I agree. More sophisticated model might have two or more to follow narrating different characters... Which kind of brings a concept of character slots into the dimension space

Very hopeful to see the future of accessing models with the ability to inject vectors by layer instead of just a straight prompt + existing parameters

LoRAs have been a thing for a while, I wouldn't be surprised to see their integration into openAI/mistral apis more. OpenAI fine tunes are so stupid expensive that they're pointless.

Not to be confused with the other story from a month ago about giving LLMs "DRµGS".

But also not that far away from that method, too.

This is very well written and entertaining post. I enjoyed reading it.

Selfishly, would you mind sharing literature or blog posts that led you to this level of understanding of LLMs? I'm trying hard to understand the inner workings via experiments but definitely far behind your expertise.

Thanks

Nice! The anti-jailbreaking angle is extremely interesting for those of us working on commercial applications.

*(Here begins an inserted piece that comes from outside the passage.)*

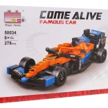 Ez a kreatív építőkészlet mindent tartalmaz, amire a fiatal és kezdő autósport-rajongóknak szükségük van egy élethű F1 versenyautó megépítéséhez. A 278 precízen megmunkált elemnek köszönhetően minőségi műanyagból részletgazdag, narancs-kék autót állíthatsz össze autentikus elemekkel.

Nice, so, can I get a visual way to browse for potentially powerful control vectors :)

https://twitter.com/GroqInc https://groq.com/

Would their inference accelerator 'LPU' work with this method, that sounds promising?

a big step towards making these systems less opaque

This article was very fun, and felt like a good counterpoint to the "You Sound Like a Bot" post recently that was talking about how AI is getting bland.

On a less serious note. This sentence should be something a fiction writer knows will only end in trouble for humanity:

I especially challenge someone to find a "self-awareness" vector that isn't contaminated by ... human emotion!

Deeply fascinated by “The world is facing a global pandemic that has caused a global pandemic. It is important to be honest and honest in the world we face. It is important to be honest and honest in the world we face. It is important to be honest and honest in the world we face.”

Awhile ago, I wrote a snarky complaint about the fact that work like this didn't exist for far too long. https://gist.github.com/Hellisotherpeople/45c619ee22aac6865c...

The inference side (adding something * something else) to every layer seems a lot like what happens with a LoRA? If so is it possible to encode a Control Vector as a LoRA for the purposes of using this with existing inference frameworks without too much trouble? Or is my understanding way off?